Researchers at the University of Maryland Greenebaum Cancer Center have made a discovery that may explain why some cases of breast cancer and other forms of cancer are resistant to chemotherapy. Their findings, published in the December 22, 1998, issue of Proceedings of the National Academy of Sciences, may lead to better ways to target chemotherapy to individual patients and may open the door to new strategies to reverse resistance to cancer-fighting drugs.
"We have found a cancer resistance protein that rapidly pumps out chemotherapy from a certain line of breast cancer cells," says L. Austin Doyle, M.D., associate professor of medicine at the University of Maryland School of Medicine who is the lead author of the article.
The researchers call the newly-discovered pump Breast Cancer Resistance Protein (BCRP). They found that this protein pumped three common anti-cancer drugs out of cells rapidly, before the drugs could get to the nucleus of the cancer cells and destroy them.

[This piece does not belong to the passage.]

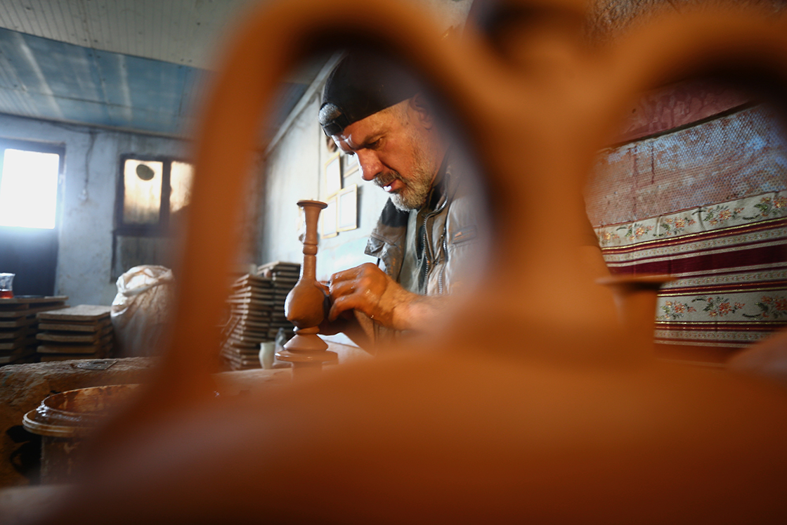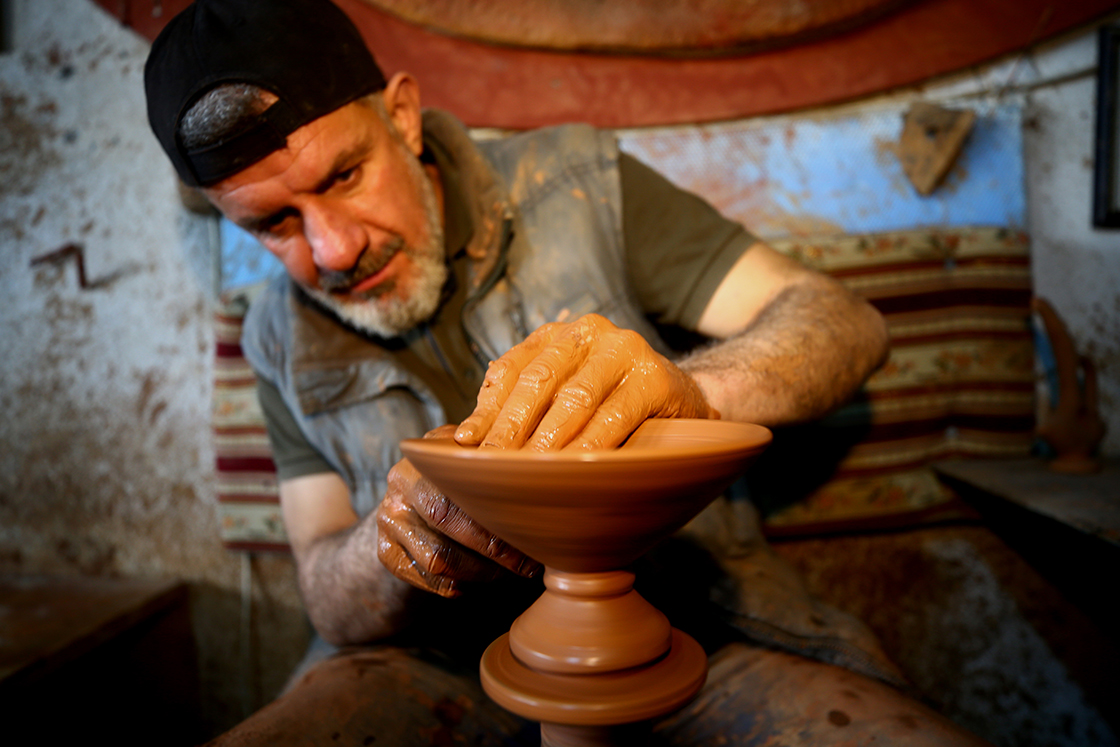 Küçük yaşlardan beri atölyelerdeki ustalarından öğrendiklerini geleneksel tezgahlarda şekil verdiği çamura aktaran 46 yaşındaki Osman Bircan, bölgedeki arkeolojik kazılarda ortaya çıkarılan ürünleri yeniden modelleyerek turistlerin ilgisini çeken aksesuarlara dönüştürüyor.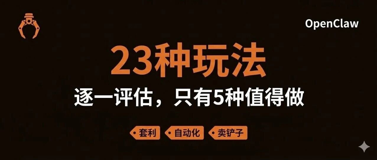 我花了两周时间,把 Twitter、知乎、36氪、GitHub 上所有关于 OpenClaw 赚钱的教程、案例、翻车现场都扒了一遍,整理出 23 种玩法,逐一评估真实价值。

"This is only the fourth molecular drug resistance pump of anti-cancer drugs to be identified, and it is half the size of the other pumps," says Douglas D. Ross, M.D., Ph.D, professor of medicine at the University of Maryland School of Medicine. "We had been looking for years for a way to explain resistance among this group of resistant cancer cells, so this is an important step," adds Dr. Ross, who is a co-author of the article.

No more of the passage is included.